-------- Data shown
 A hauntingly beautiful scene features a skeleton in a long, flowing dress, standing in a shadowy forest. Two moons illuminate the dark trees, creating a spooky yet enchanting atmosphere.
----------------
-------- Data shown
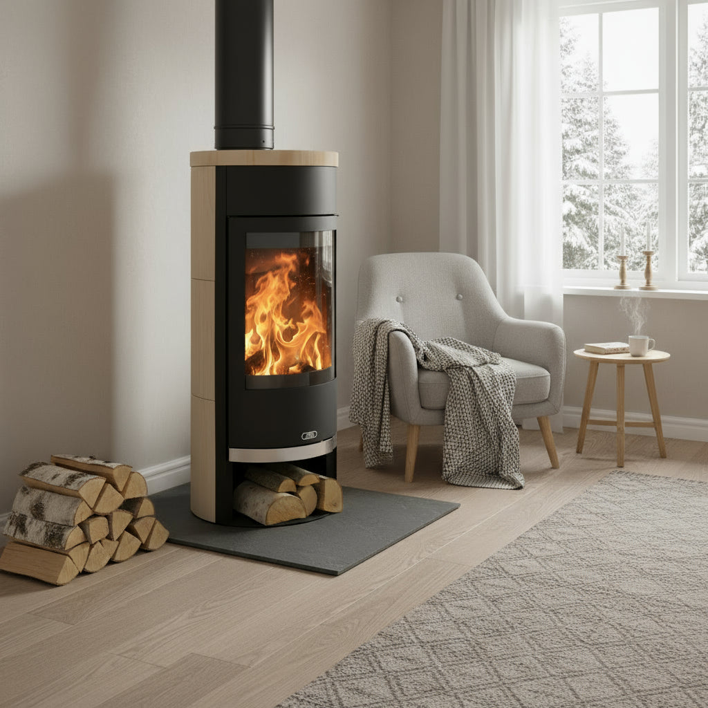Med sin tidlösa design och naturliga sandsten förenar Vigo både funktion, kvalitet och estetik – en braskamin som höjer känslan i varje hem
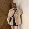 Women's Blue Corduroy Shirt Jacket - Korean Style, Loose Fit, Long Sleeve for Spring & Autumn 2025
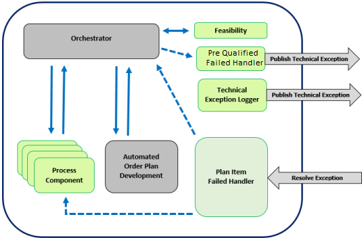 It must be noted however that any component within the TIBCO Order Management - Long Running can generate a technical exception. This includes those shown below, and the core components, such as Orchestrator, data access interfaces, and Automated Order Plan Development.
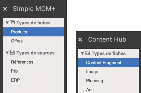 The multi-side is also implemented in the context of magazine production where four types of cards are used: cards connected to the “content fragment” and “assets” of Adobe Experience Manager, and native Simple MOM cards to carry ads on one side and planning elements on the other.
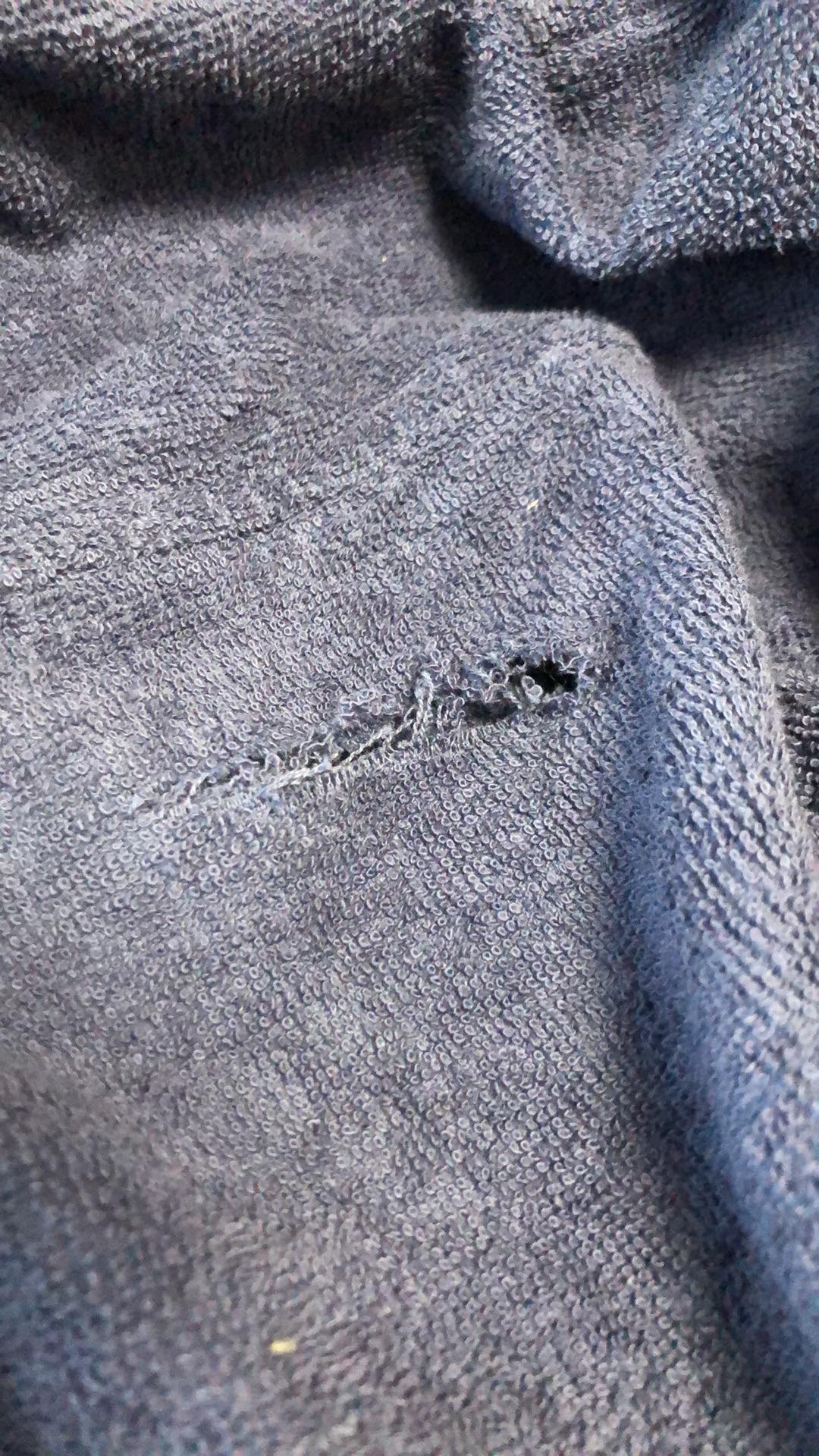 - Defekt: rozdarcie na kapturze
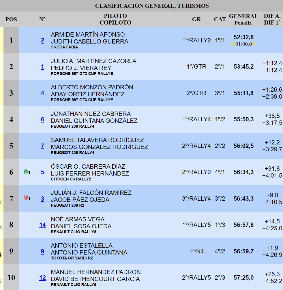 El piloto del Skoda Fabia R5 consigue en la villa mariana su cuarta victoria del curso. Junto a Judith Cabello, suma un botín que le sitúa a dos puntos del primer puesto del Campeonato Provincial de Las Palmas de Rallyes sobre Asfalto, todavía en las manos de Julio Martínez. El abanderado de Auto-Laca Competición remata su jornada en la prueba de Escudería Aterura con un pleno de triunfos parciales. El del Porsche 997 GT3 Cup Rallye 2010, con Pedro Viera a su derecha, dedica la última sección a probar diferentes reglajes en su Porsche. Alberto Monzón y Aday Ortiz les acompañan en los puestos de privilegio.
----------------
From the records above, quote word for word only the lines beginning at the line that has "Women's Blue Corduroy" and stopping after the line that has "El piloto del". Omit the pictures.

» Task result
 Women's Blue Corduroy Shirt Jacket - Korean Style, Loose Fit, Long Sleeve for Spring & Autumn 2025
 It must be noted however that any component within the TIBCO Order Management - Long Running can generate a technical exception. This includes those shown below, and the core components, such as Orchestrator, data access interfaces, and Automated Order Plan Development.
 The multi-side is also implemented in the context of magazine production where four types of cards are used: cards connected to the “content fragment” and “assets” of Adobe Experience Manager, and native Simple MOM cards to carry ads on one side and planning elements on the other.
 - Defekt: rozdarcie na kapturze
 El piloto del Skoda Fabia R5 consigue en la villa mariana su cuarta victoria del curso. Junto a Judith Cabello, suma un botín que le sitúa a dos puntos del primer puesto del Campeonato Provincial de Las Palmas de Rallyes sobre Asfalto, todavía en las manos de Julio Martínez. El abanderado de Auto-Laca Competición remata su jornada en la prueba de Escudería Aterura con un pleno de triunfos parciales. El del Porsche 997 GT3 Cup Rallye 2010, con Pedro Viera a su derecha, dedica la última sección a probar diferentes reglajes en su Porsche. Alberto Monzón y Aday Ortiz les acompañan en los puestos de privilegio.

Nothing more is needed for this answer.